Une jeune étudiante du diocèse en rencontre interreligieuse nationale

Pour le Bilan annuel national, à Paris, sur les “Semaines de Rencontres Islamo-Chrétiennes“/SERIC, le samedi 18 janvier 2020, le délégué musulman haut-alpin, Rachid Neguaz, n’a pas pu participer, hélas, mais Lucie Mariani, de Veynes, 19 ans, étudiante à Paris, déléguée du Service diocésain de Dialogue interreligieux, a pu participer (comme elle a participé régulièrement à Veynes à diverses activités de Dialogue que nous avons animées, et participé aussi à Gap).

Son compte rendu peut nous intéresser vivement les uns et les autres : ” Ce fut un moment très agréable. J’ai pu me présenter et discuter avec les personnes présentes sur place, et j’ai participé à des ‘ateliers’ autour de questions organisationnelles quant aux Semaines de Rencontres islamo-chrétiennes / SERIC. C’était très intéressant de comprendre comment concrètement on pouvait gérer les groupes inter-religieux sur les territoires.
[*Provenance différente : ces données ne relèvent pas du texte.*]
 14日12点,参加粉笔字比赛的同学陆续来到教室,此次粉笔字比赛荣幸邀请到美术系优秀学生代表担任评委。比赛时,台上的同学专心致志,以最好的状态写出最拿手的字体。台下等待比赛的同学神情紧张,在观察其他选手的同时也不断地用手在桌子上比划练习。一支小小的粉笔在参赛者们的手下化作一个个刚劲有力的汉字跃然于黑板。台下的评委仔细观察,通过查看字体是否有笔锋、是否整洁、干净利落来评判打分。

Il a été proposé également de réfléchir à un thème fil rouge pour l’année 2020. L’écologie et la solidarité sont les deux thématiques qui ont fait consensus. Certains avaient proposé des formulations du type : “Comment l’écologie spirituelle devra-t-elle permettre une écologie dans l’action ?” Ou encore : “Comment associer respect de soi et respect de l’autre sous la bannière de la solidarité?”

Le groupe du Bilan SERIC. Lucie Mariani, dans le 1er rang.
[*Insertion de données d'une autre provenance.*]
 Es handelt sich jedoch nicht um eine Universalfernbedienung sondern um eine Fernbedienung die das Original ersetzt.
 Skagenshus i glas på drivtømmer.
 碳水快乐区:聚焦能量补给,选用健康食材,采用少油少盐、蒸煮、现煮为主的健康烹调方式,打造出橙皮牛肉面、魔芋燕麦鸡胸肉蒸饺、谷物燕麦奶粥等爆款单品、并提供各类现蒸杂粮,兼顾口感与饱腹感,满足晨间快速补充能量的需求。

J’ai rencontré la secrétaire Farida, qui est formidable, très accueillante et pleine d’enthousiasme. De plus j’avais été mise en relation en amont avec Gustave, un ami d’une amie qui est sur Paris et qui était présent sous la bannière du mouvement interreligieux de jeunes: Coexister. Nous étions les deux plus jeunes de l’assemblée, tout le monde était très content de discuter avec nous. Et nous, nous étions ravis.          
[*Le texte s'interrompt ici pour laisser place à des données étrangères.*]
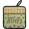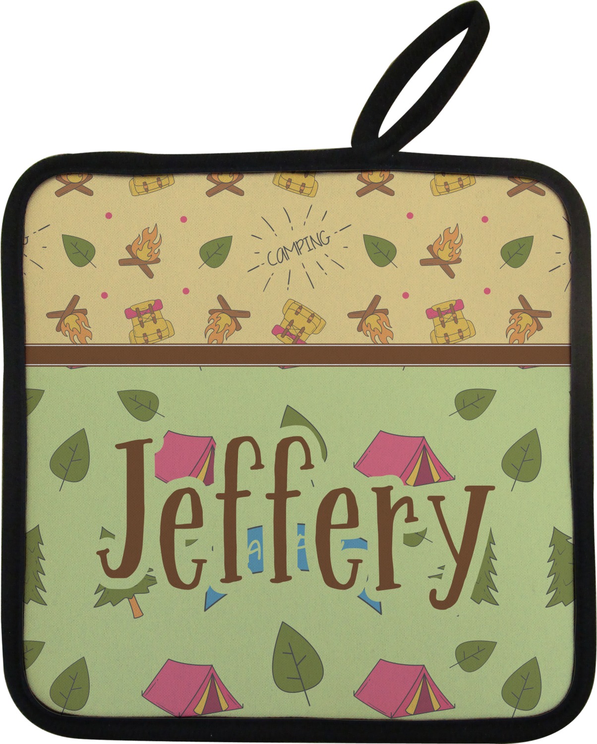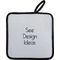 Our personalized pot holders feature a neoprene front that displays your personalization in vibrant colors. The backing of the hot pot holder is rubberized; the textured backing allows you to have a great grip when using this custom pot holder. The two materials are joined with a sleek, black trim, and the holder also includes an attached loop for hanging and storage. The pot holder is approximately 8.75 inches by 8.75 inches and 0.25 inches tall, while the fabric loop is 2.5 inches long. You can purchase a kitchen pot holder by itself or as a set of 2. We also offer a set including one pot holder and one oven mitt.

Il est prévu qu’une boite à outils méthodologique soit communiquée aux  acteurs des SERIC afin de faciliter l’organisation d’événement hors du Groupe d’Amitié islamo-chrétienne / GAIC national et afin que tous les SERIC profitent de l’action des autres ailleurs en France. Le but est de coorganiser toujours les réunions entre chrétiens et musulmans et de veiller à ce que les musulmans soient bien partie prenante de l’organisation. Par ailleurs, il a été dit qu’il fallait améliorer la communication et lier les SERIC régionaux entre eux.         

Nous avons clos la journée avec deux prières, une musulmane, la Fatiah (Sourate 1), et le Notre Père. Et c’était d’ailleurs drôle car Gustave, protestant, n’arrivait pas à chanter le Notre Père. En effet, l’air mélodique choisi n’est pas le même selon que l’on est protestant ou catholique. Je ne savais pas. Voilà en somme le produit final de cette belle journée “.